Arizona State Sun Devils players run out onto the field before a game against the Stanford Cardinals at Sun Devil Stadium on December 7, 2013.
Photo by Christian Petersen/Getty

D1 football gets its first openly gay player

Following in the cleat-prints of Michael Sam, Arizona State linebacker Edward “Chip” Sarafin announced this week that he was gay. He is the first active player in Division I football to publicly come out.

Speaking with the Phoenix-based Compete Magazine, Sarafin told writer Joshua Wyrick the decision to be honest about his sexual orientation was “really personal,” and one that “benefited [his] peace of mind greatly.” Like Sam, whom Sarafin reportedly cited as an inspiration, the backup lineman came out to his teammates before reaching out the press.

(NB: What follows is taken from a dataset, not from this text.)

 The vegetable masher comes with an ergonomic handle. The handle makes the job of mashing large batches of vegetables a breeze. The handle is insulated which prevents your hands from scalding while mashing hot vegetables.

Michael Sam came out three months before he was drafted by the St. Louis Rams in May, becoming the first openly gay player in the National Football League. But Sam’s announcement followed his graduation from the University of Missouri, another D1 school. Though he’s never appeared in a game, Sarafin is the first gay player in a major college football program to come out publicly while in school.

Arizona has been a focal point in the debate over gay rights. Earlier this year, the state legislature passed a controversial religious freedom measure that some feared would be a license to discriminate against LGBT people. Under enormous pressure from major corporations – including the NFL, which was preparing to move next year’s Super Bowl out of Glendale – Republican Gov. Jan Brewer ended up vetoing the bill.

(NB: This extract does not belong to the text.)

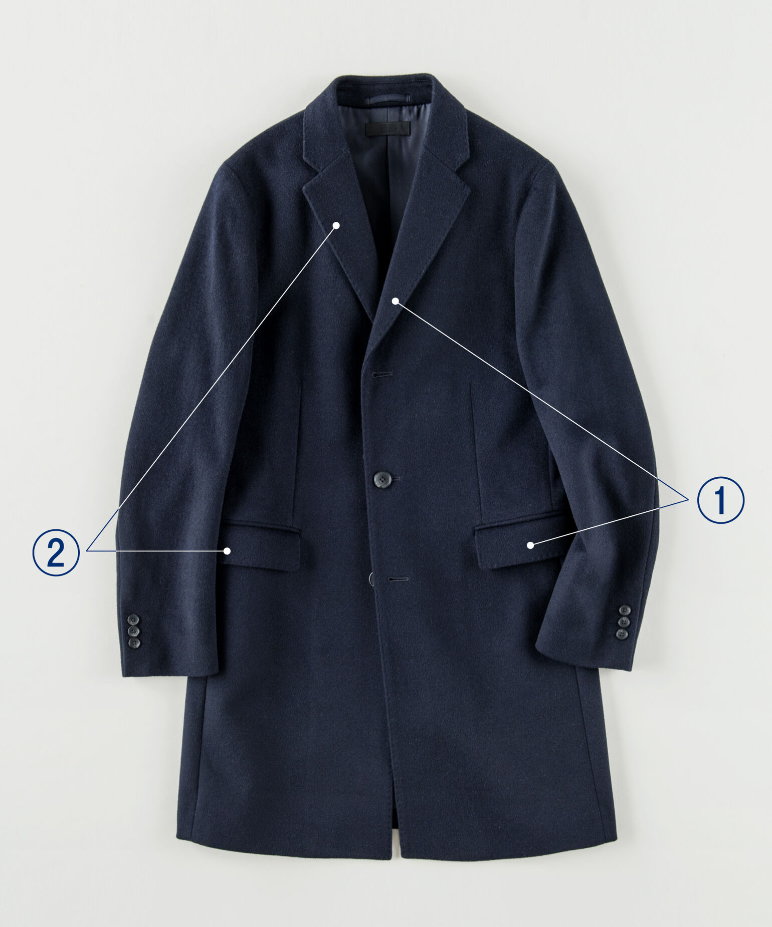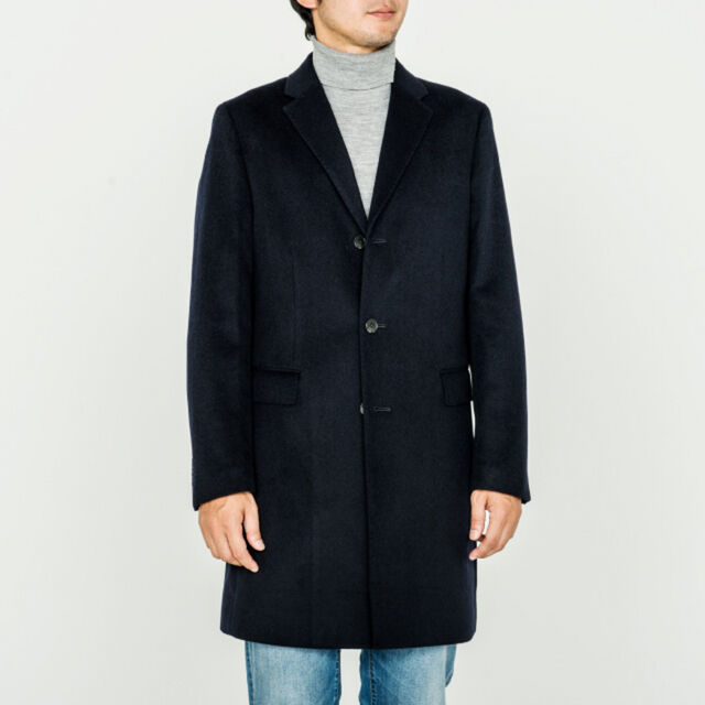「クラシックコートの代表格であるチェスターフィールドコート。以前はビジネススタイルやドレッシーな装いに羽織るのが基本でした。しかし近年では、上に紹介のようなスウェットパーカやインナーダウン、そしてジーンズといったカジュアルな着こなしに合わせるのも人気が高く、ラフな格好を一発で大人っぽく格上げできます。ユニクロのこちらは、見た目にも上質なウール×カシミヤ素材が贅沢な逸品です」

On growing up in Arizona, the  6’6”, 320-pound Sarafin said it upset him to see people bullied for being different.

“I went to school at Highland High, and it is definitely not the most diverse school,” he told Compete. “It’s probably 80% Mormon and 80% Caucasian. So there is definitely a disparity there in the types of people that you meet. I know a lot of times a lot of people who were bullied because they were different were actually bullied by athletes, and that made me really angry … The athletes are supposed to be the role models, the heroes of the community.”

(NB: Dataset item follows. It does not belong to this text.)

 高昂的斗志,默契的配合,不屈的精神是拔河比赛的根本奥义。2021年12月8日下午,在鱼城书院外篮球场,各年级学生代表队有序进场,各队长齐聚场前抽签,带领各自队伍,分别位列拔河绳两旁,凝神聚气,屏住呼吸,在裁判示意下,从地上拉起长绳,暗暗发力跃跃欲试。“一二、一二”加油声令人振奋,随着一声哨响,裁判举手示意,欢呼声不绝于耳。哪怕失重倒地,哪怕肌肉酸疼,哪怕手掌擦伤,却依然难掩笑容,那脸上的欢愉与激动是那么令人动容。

At ASU, however, Sarafin has so far received nothing but support.

“We are a brotherhood that is not defined by cultural and personal differences, but rather an individual’s commitment to the Sun Devil Way,” said Arizona State coach Todd Graham in a statement. “Chip is a fifth-year senior and a Scholar Baller, a graduate and a master’s student. His commitment to service is unmatched and it is clear he is on his way to leading a successful life after his playing career, a goal that I have for every student-athlete. Diversity and acceptance are two of the pillars of our program, and he has full support from his teammates and the coaching staff.”